WASHINGTON, D.C. — Two people, on average, die every day in the United States in accidents caused by motor vehicle operators who run red lights. Data culled together by the American Automobile Association (AAA) indicates that other drivers, vehicle passengers, bicycle riders, and pedestrians are in danger of dying because an impatient and reckless driver “blows through” a red light. For example, 939 people in the United States died in collisions caused by a motorist running a red light in 2017. The number of people who died is a 28 percent increase since 2012 and is the most in the last decade. To put it simply, people entering an intersection need to watch out for drivers who ignore the command of red lights because the drivers are utterly reckless, not paying attention, or could be intoxicated.

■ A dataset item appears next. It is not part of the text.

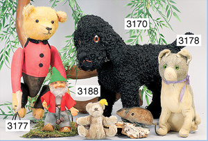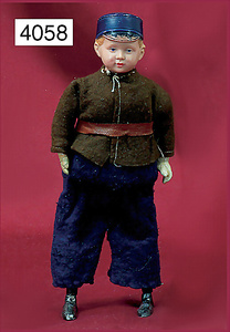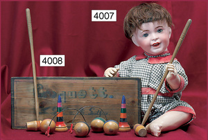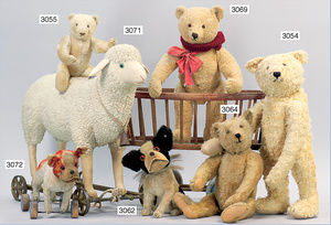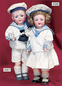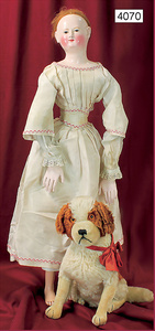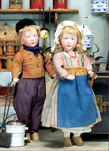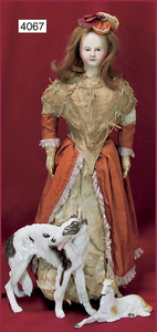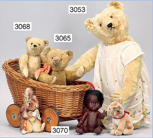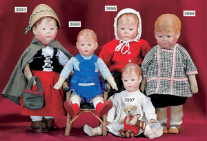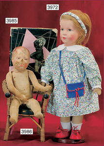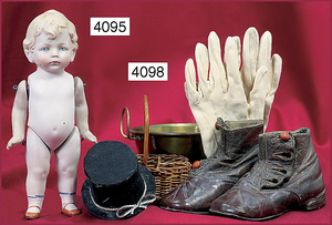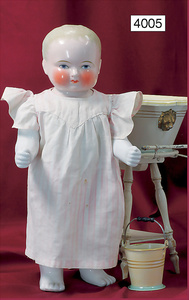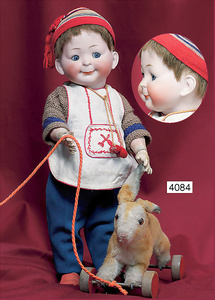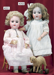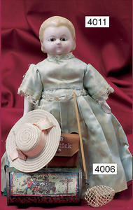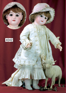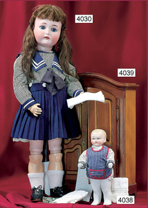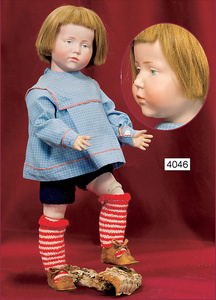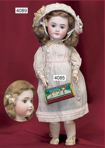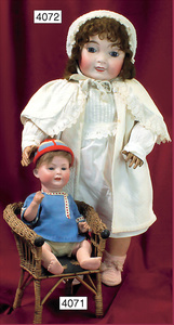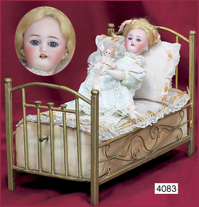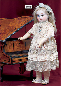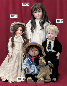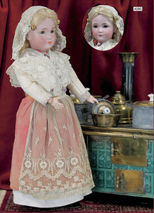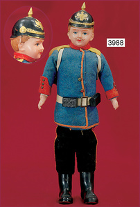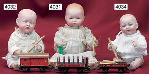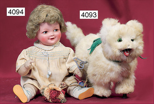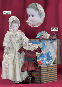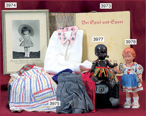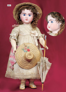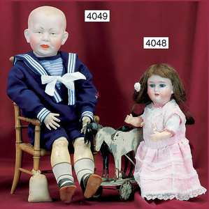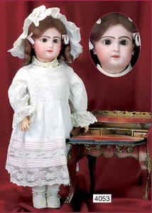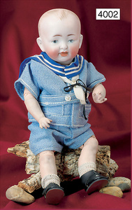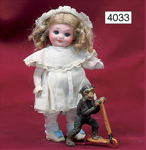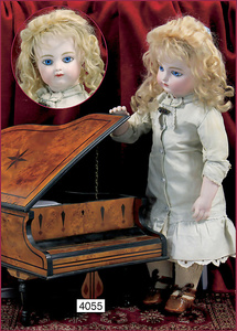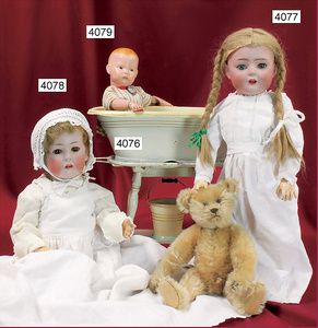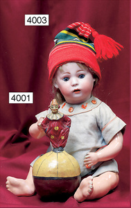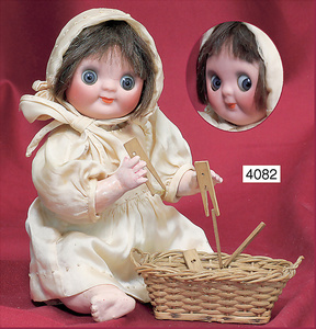 STEINER Baby, Frankreich, gemarkt J Steiner B SGDG Paris FI REA 13, 52 cm, gepresster Biskuit-Kurbelkopf, blaue fest eingesetzte Paperweightaugen, geschl. Mund, Kinngrübchen, durchst. Ohren, alter Federaufzug, Orig.-Mohairperücke in sehr gutem Zust., mit Papiermaché-Kopfdeckel, schöner ausgef. Gliederkörper mit festen Handgelenken und schlanken Fingern, Orig.-Kleidung, -Unterkleidung, -Schuhe und -Strümpfe, unberührter Orig.-Zust., sehr schöner Ausdruck

The statistics generated by AAA relating to accidents at red lights is astounding. Not only are the number of red-light accident deaths 28 percent greater than in 2012, but 46 percent of the people who died in those crashes also were passengers in the vehicle the committed the red-light infraction or were innocently riding in another vehicle. About five percent of the people killed were walking or riding a bicycle when hit by a vehicle that failed to come to a full stop for a red light. Meanwhile, 35 percent of the people who died in red light crashes were the people who were driving the car that failed to stop.
AAA determined that the overwhelming majority of motorists in the country understand how dangerous failing to stop at a red light might be. AAA’s research shows that 85 percent of the people surveyed by AAA agrees that running a red light is dangerous. But, 33 percent of the same group questioned by AAA admitted to running a red light at least once in the previous thirty days when they could have otherwise safely stopped.